Tolfian siguió los pasos de Eileen a su lado, admitía tener curiosidad ir a conocer un pueblo de humanos, sólo esperaba encontrar pistas a su investigación principal. A pesar de eso disfrutaría del paseo, la compañía de la humana le era grata, ella tenía algo especial y no era su don, era algo más; tal vez la forma de tratarlo. En Eterna todos lo trataban con el debido respeto, cuidando la forma de dirigirse a un príncipe como él. Sólo esperaba que cuando Eileen se enterara quien era el realmente, no cambiara nada entre ellos.

Al adentrarse en el pueblo, Tolfian noto las miradas curiosas sobre él, pocos habitantes llevaban capucha. Por lo cual se mantenía atento a todo lo que sus ojos y oídos podían permitirle ver como escuchar, se encontraba fuera de su territorio; no tenía miedo alguno, más debía estar consciente de su raza elfica.

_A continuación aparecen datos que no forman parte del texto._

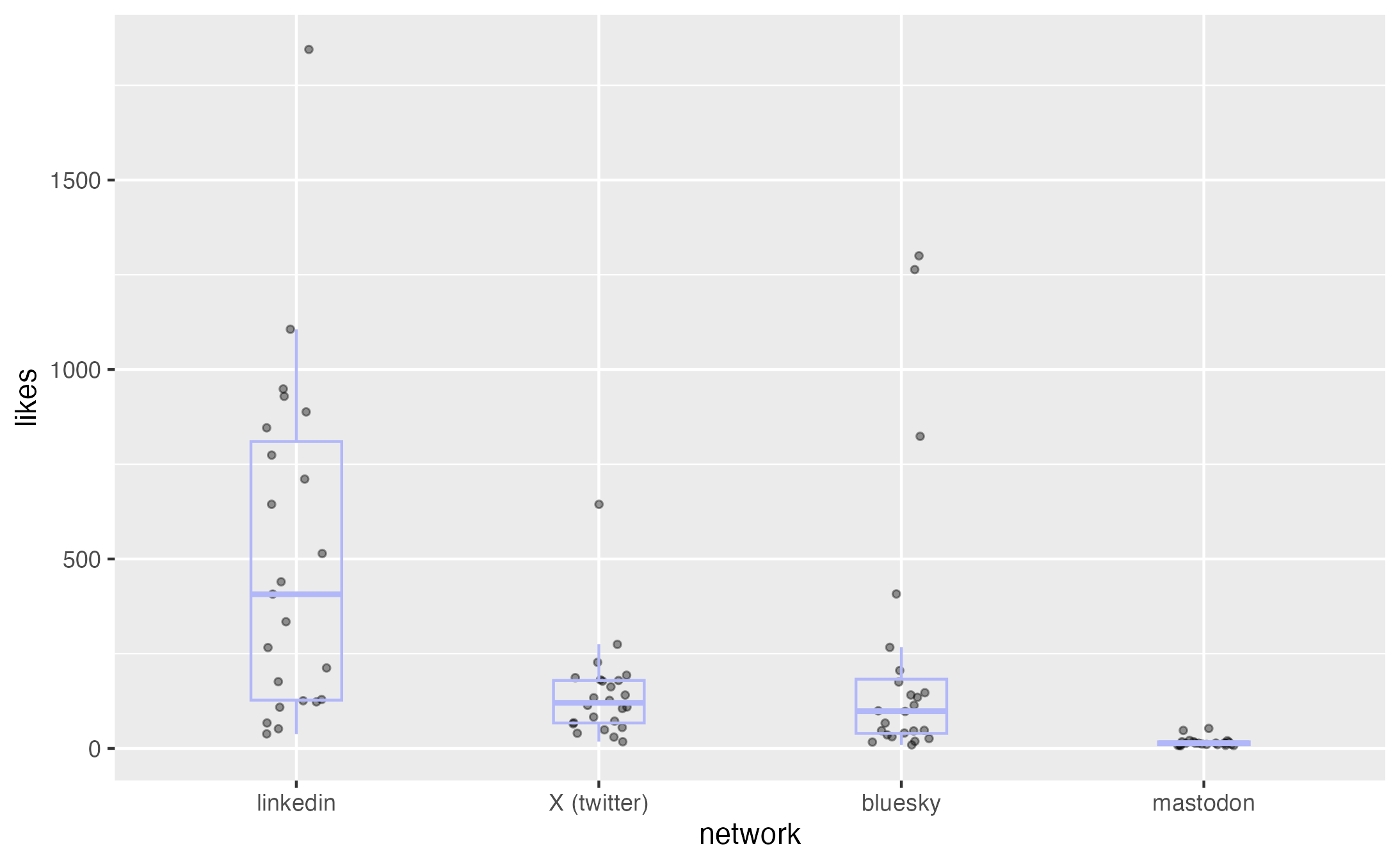 That's looking at the data, how might I interpret this in terms of the importance of the services? Of the three I'm more inclined to value the reposts - after all that is someone thinking the that post is valuable enough to send out to their own followers. That indicates a clear pecking order with LinkedIn > X > Bluesky > Mastodon. It's interesting that LinkedIn is a more singular leader on likes, it seems both higher itself and X is lower. I guess that means LinkedIn people are more eager to hit the like button.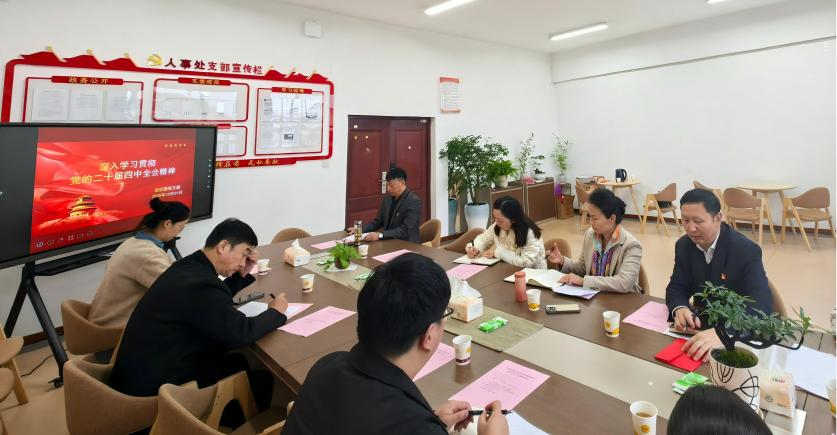 组织部党支部邀请学校马克思主义学院谭向阳教授解读党的二十届四中全会精神,全体党员同志深入学习,坚持学用结合,把学习贯彻全会精神与落实学校第二次党代会精神一体推进,以学习成效赋能学校发展。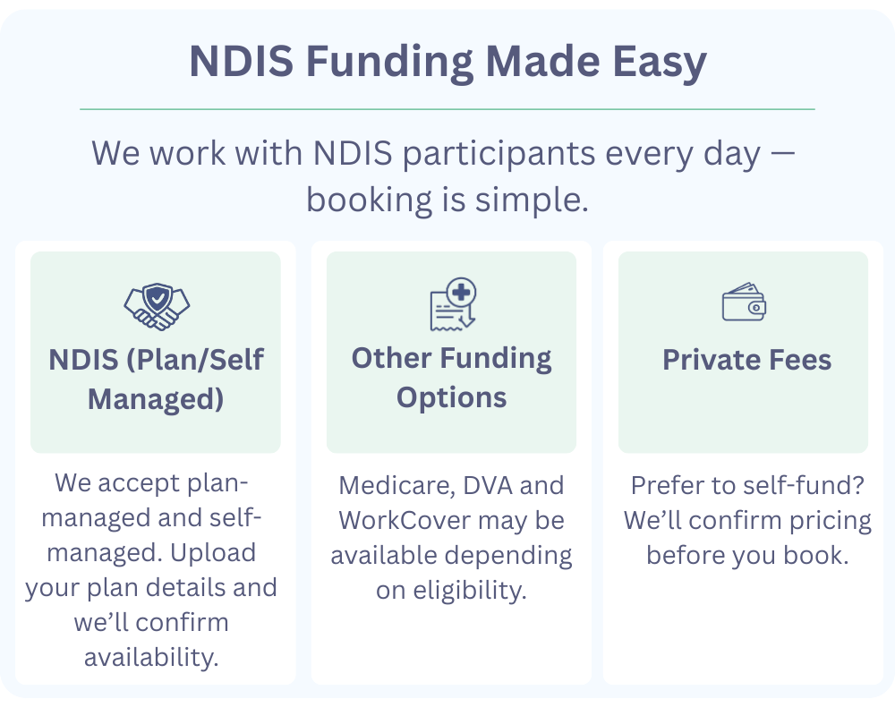 Yes. We support NDIS participants and can work with self-managed and plan-managed funding (and other arrangements depending on your situation). If you’re unsure what you are, we can help you confirm it.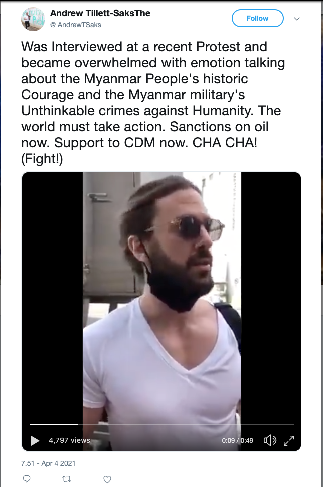 Andrew Tillett-Saks är mycket aktiv i lobbyarbetet för fackföreningarna som strejkar mot kuppen, och har samtidigt öppet kallat på en utländsk intervention. I en nu borttagen tweet från den 4 april, som fortfarande går att googla fram, säger han i en videosnutt att: ”Om USA står med demokrati – och detta är det mest svartvita, tydliga fall jag någonsin sett av demokrati mot tyranni, och frihet mot diktatur – bör USA intervenera på vilket sätt som helst de fysiskt kan, med militären, ge vapen till folket, gör vad som helst som de måste göra för att stå med folket.”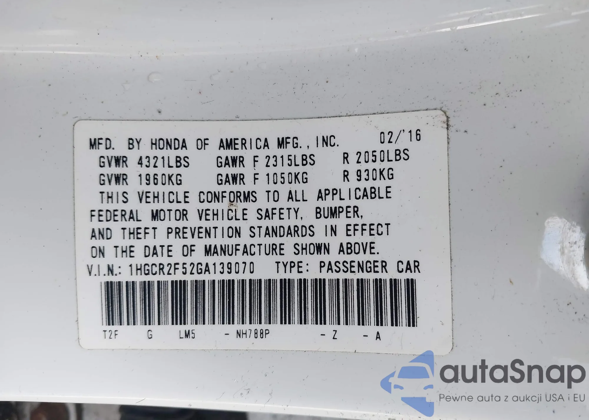 LOT: 43321451 VIN: 1HGCR2F52GA139070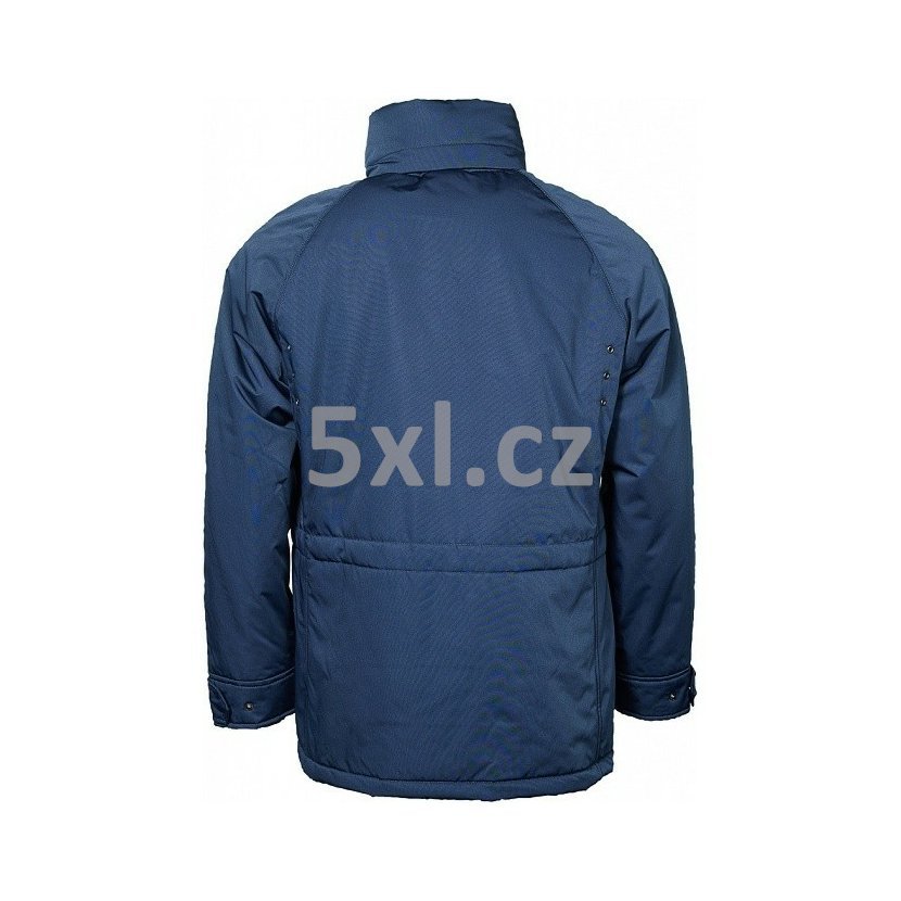 Pánská zimní bunda NORTH 56°4 tmavě modrá 6XL - 10XL vodní sloupec 3000nadměrná velikost. Zapínání na zip krytý klopou s druky. Pod tímto zapínáním ještě možnost dalšího zapnutí proti profouknutí. Límec stojáček. Přišitá kapuce, kterou je možno schovat do límce. Levá a pravá našitá kapsa s klopou na 2 druky. Rukávy ukončeny manžetou s 2 druky. V pase na stažení pomocí šňůrky. Uvnitř levá a pravá náprsní kapsa na zapnutí ( svislý zip ). Dole pravá našitá kapsa na druk. Raglanový rukáv.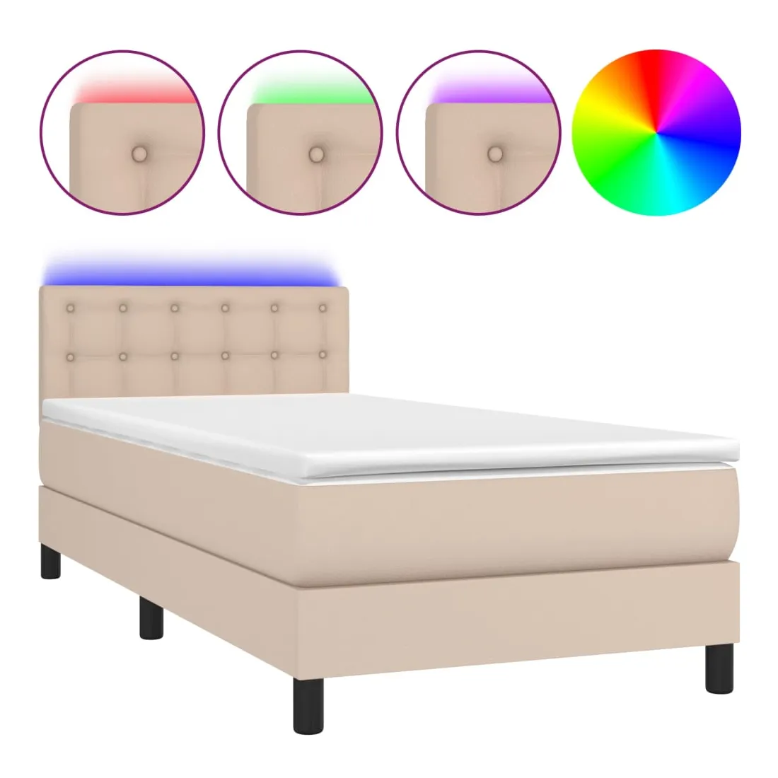Sommier à lattes de lit avec matelas et LED Cappuccino 80x200cm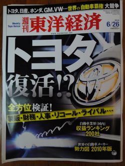 今日もいい天気でした。梅雨の間の晴れは、素晴らしい。得した気分になります。少し前になりますが、題名にくぎ付けになり買った雑誌がありました。これです。実に、色々な角度から記載されています。当然、リコールの影響を脱したのかどうか・・・。と思いながら買ったのですが、その後にレクサスのリコールがあったので、残念でした。読んでみると、世界で700万台が損益分岐点となっているようなので、アメリカで行われているインセンティブも、そう簡単には無くならないですよね。記事には、全世界の工場で、どの車種が生産されているかも分かりやすく記載されているので、つい最近、中国のストライキで影響を受けた車種や、インドの影響車種も目にできて素晴らしい。いろんなところで、いろんな車両を生産しているんですよね。そうそう、こんな記事もありました。系列内競争でコスト半減だとか。以前、働いていた工場で、「開発してこんなに小さくできました。」「で、いくらで売れるんだ。」「小さくなったので、30%減です。」「開発費を掛けて、売上落として、何を開発したんだ。」と怒られたことがあります。笑い話ですね。こんな会話しているから、利益が出ていない会社なのかも知れません。この雑誌、よく取材されていて、読んでいて面白いですよ。お勧めです。週刊 東洋経済 2010年 6/26号 [雑誌]価格:690円(税込、送料別)最新版は、こちらですね。まだ、読んでいません。週刊 東洋経済 2010年 7/3号 [雑誌]価格:720円(税込、送料別)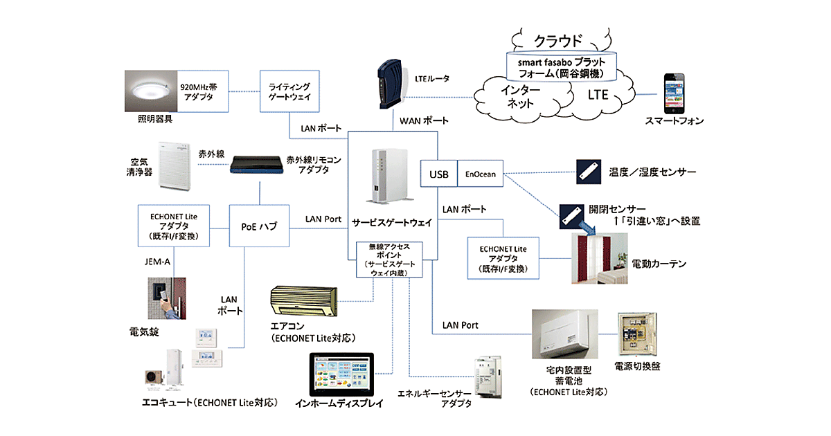 2016年度以降の電力やガスなどのエネルギーの自由化に向けて、居住者が快適性や利便性を意識できるようなスマートハウスやスマートマンション、さらにはこれらを包含するスマートタウン注1の導入の検討が各地で進んでいる。このような動きのなかで岡谷鋼機では、スマートタウン向けに必要な「smart fasaboプラットフォーム」(スマートファサボ プラットフォーム)を市場展開するために製品化を進めている。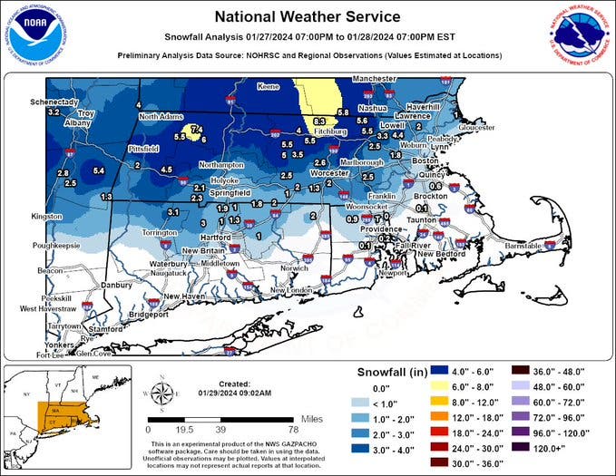 A Gale Warning remained in effect offshore but the NWS lifted all Winter Storm Watch and Winter Storm Warning alerts across Massachusetts.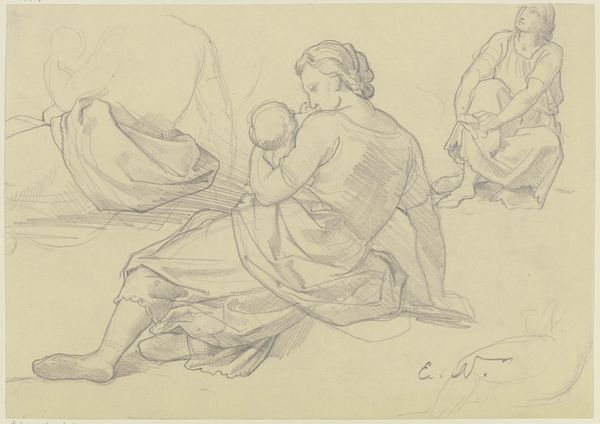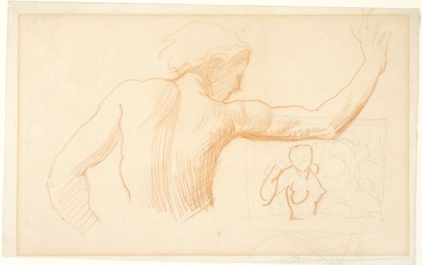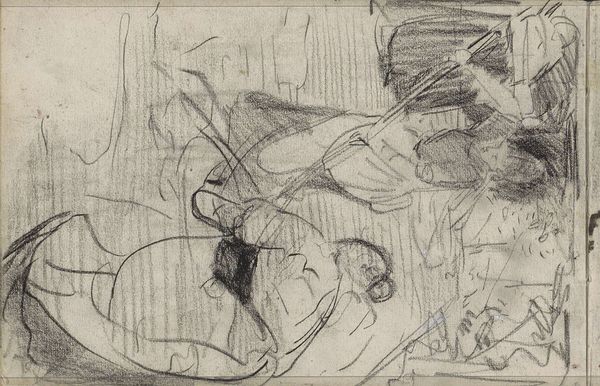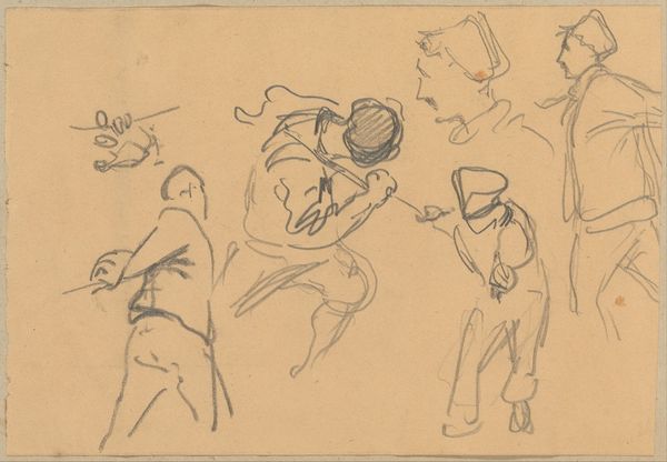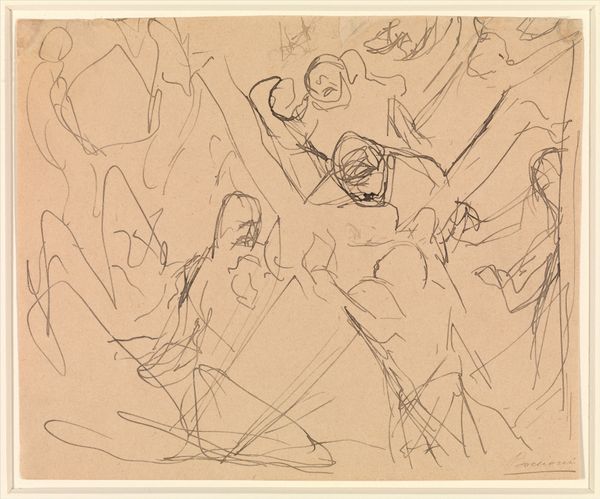 Editor: Here we have "Two Men with Clenched Fists," a pencil drawing by Leo Gestel, created sometime between 1891 and 1941. I find the sketch almost unsettling; the figures are incomplete, yet their stance conveys so much tension. What do you see in this piece that stands out? Curator: The most compelling aspect is Gestel’s economy of line. Notice how he suggests form with such sparse strokes. The clenched fists themselves become focal points, defined by the negative space around them rather than laborious shading. It's an intriguing exercise in reduction. Do you perceive a narrative element suggested by the figures' posture? Editor: Perhaps a struggle? They seem poised for action, although it’s ambiguous. What’s interesting is that Gestel leaves so much unsaid, demanding that the viewer fill in the blanks. Is there any deliberate contrast created in the composition? Curator: Absolutely. The rough, unfinished quality of the figures is set against the subtle contours of their implied presence. Also, there is a directional tension – note how one figure leans forward more assertively than the other, even in such a minimalist sketch. Gestel manipulates the composition to establish an asymmetrical tension. It appears unplanned, and, though in fact it probably was well planned, evokes a powerful dynamism through deliberate contrast. Editor: So the deliberate choices Gestel made with line, form, and composition contribute to the emotional impact. Curator: Precisely. By examining the pure visual language of the work, we unveil its potency beyond any superficial reading. Editor: That’s fascinating! It really pushes me to appreciate the artistic decisions beyond the surface representation. Curator: And that’s the power of formal analysis – to unlock meaning through careful observation of artistic choices.

Por otro lado le estaba resultando agradable caminar como cualquier otra persona por las calles de un pueblo humano, uno que era muy bonito, su gente no parecía actuar de forma sospechosa, todo parecía en armonía.

El Valle de las Piedras Quebradas colinda con el noreste al bosque prohibido, cubierto en su mayoría por grandes montañas y bosques repletos de oyameles, robles y encinos, era un valle dotado de belleza. Sus habitantes en su mayoría, eran campesinos dedicados a la siembra de sus tierras, productores de semillas, frutos, alfareros de barro, los mejores panaderos y herreros.

Este valle no carecía de suministros, era rico en su propia producción, sus construcciones de vivienda de piedra labrada y madera, dejaba ver tanto las comodidades de algunos, como la modestia de otros. No vivían en la opulencia ni en la miseria, solo había humildad entre sus habitantes. Sus caminos céntricos eran de alabastro, por donde podían fácilmente transitar desde caballos hasta carretas, además de las personas por supuesto. Sus mercados eran extensos en sus principales calles, y la mercancía que allí se vendía, era sumamente exótica y tenía toda clase de procedencias. En pocas palabras no tenían que envidiar nada a la misma capital del reino de Numantia, que llevaba el mismo nombre de toda la nación.